Patrick Butler, social policy editor 

Food poverty now bigger public health concern than diet – expert claims

Panorama explores claims many turn to food banks due to being penalised when judged to have broken benefit conditions
  
  

Food poverty bigger concern than bad diet – claim made in BBC Panorama
Panorama has found that over a third of local authorities in England and Wales were now providing funding for food banks. Photograph: Christopher Thomond for the Guardian Photograph: Christopher Thomond/Guardian

The prevalence of poverty–stricken families who cannot afford to buy sufficient food is overtaking unhealthy eating as the most pressing public health concern, a public health specialist has claimed.

The claim is made in a BBC Panorama documentary to be broadcast on Monday evening which found that over a third of local authorities in England and Wales were now providing funding for food banks, despite government claims that charity food is not a part of the social security system.

Julie Hirst, public health specialist at Derbyshire county council, told Panorama the authority had invested £126,000 from its public health budget in food banks.

She said: "It's now become an issue of food poverty and some people in the country are not being able to eat at all – and if people can't eat at all, what's the point in trying to get them to eat healthily?"

Elizabeth Dowler, a professor at Warwick University and the co-author of a recent government-commissioned report on food aid provision, told the programme it was shocking so many councils were investing in food banks.

"Food banks are an inadequate plaster over a gaping wound … They do not solve the problems.
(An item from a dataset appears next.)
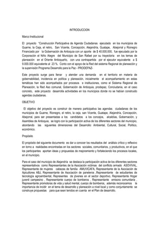 Este documento presenta la Agenda Ciudadana del municipio de Alejandría, Antioquia. Resume los resultados de un proceso participativo con diversos sectores de la comunidad para identificar necesidades y proponer soluciones en cinco dimensiones: social, económica, ambiental, cultural y política. Incluye una visión para cada dimensión y propone objetivos y estrategias basadas en los aportes ciudadanos para ser consideradas en el Plan de Desarrollo Municipal.

And that they should be enshrined as an inadequate solution is deeply immoral."

The programme also uncovers evidence that a job centre appears to be explicitly alerting its staff to the financial savings to be made through "sanctioning" job seekers when they are judged to have broken benefit conditions.
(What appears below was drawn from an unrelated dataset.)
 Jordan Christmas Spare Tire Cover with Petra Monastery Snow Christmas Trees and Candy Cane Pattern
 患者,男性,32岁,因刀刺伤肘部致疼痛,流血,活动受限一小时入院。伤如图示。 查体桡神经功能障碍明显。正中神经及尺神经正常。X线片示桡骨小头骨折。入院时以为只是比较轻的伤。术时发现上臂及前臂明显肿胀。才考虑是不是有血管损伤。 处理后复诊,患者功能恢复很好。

A wall chart in a Grantham job centre explicitly sets out the cash savings available to the Department for Work and Pensions (DWP) through stopping the benefits of claimants, ranging from £227.20 a week for a four-week sanction to £3,728 for a sanction lasting one year.

The DWP told Panorama: "This was an isolated incident and does not reflect our policy on sanctions."

Charities and campaigners say record totals of DWP sanctions – 875,000 in the year to September 2013 – are a prime reason why people are forced to turn to food banks.

They complain that many sanctions are unfair and unjustifiable, and that hundreds of people are wrongly penalised every day forcing them to survive for weeks on little or no money.

The DWP insists there is no robust link between welfare reforms and the rise in food bank use.

The programme interviews a mother of two who says her family's health suffered after she was wrongly sanctioned for three months after a clerical mix up, leaving them on reduced income.

Suzanne Harkins, who lives in Paisley, Scotland, told Panorama: "It was devastating. It got to a point that there was no food in the house and any food that did come in had to feed the two children and my husband and I would go for days at a time without eating.

"I was still breastfeeding Mason at the time and I stopped producing milk because I wasn't getting enough nourishment into me to produce milk to breastfeed him."

The two councils covering the parliamentary constituency of Iain Duncan Smith, the work and pensions minister – Redbridge council and Waltham Forest council – have given over £70,000 to combat food poverty, the programme found.

The DWP said local authorities, who run local welfare assistance programmes, most of which refer vulnerable residents to emergency food charities, were best placed to fund food banks.

However, the DWP said earlier this year that it would stop its £180m funding for council local welfare schemes in 2015, a move that charities warned would trigger a rise in the number of people becoming dependent on food banks or loan sharks to survive.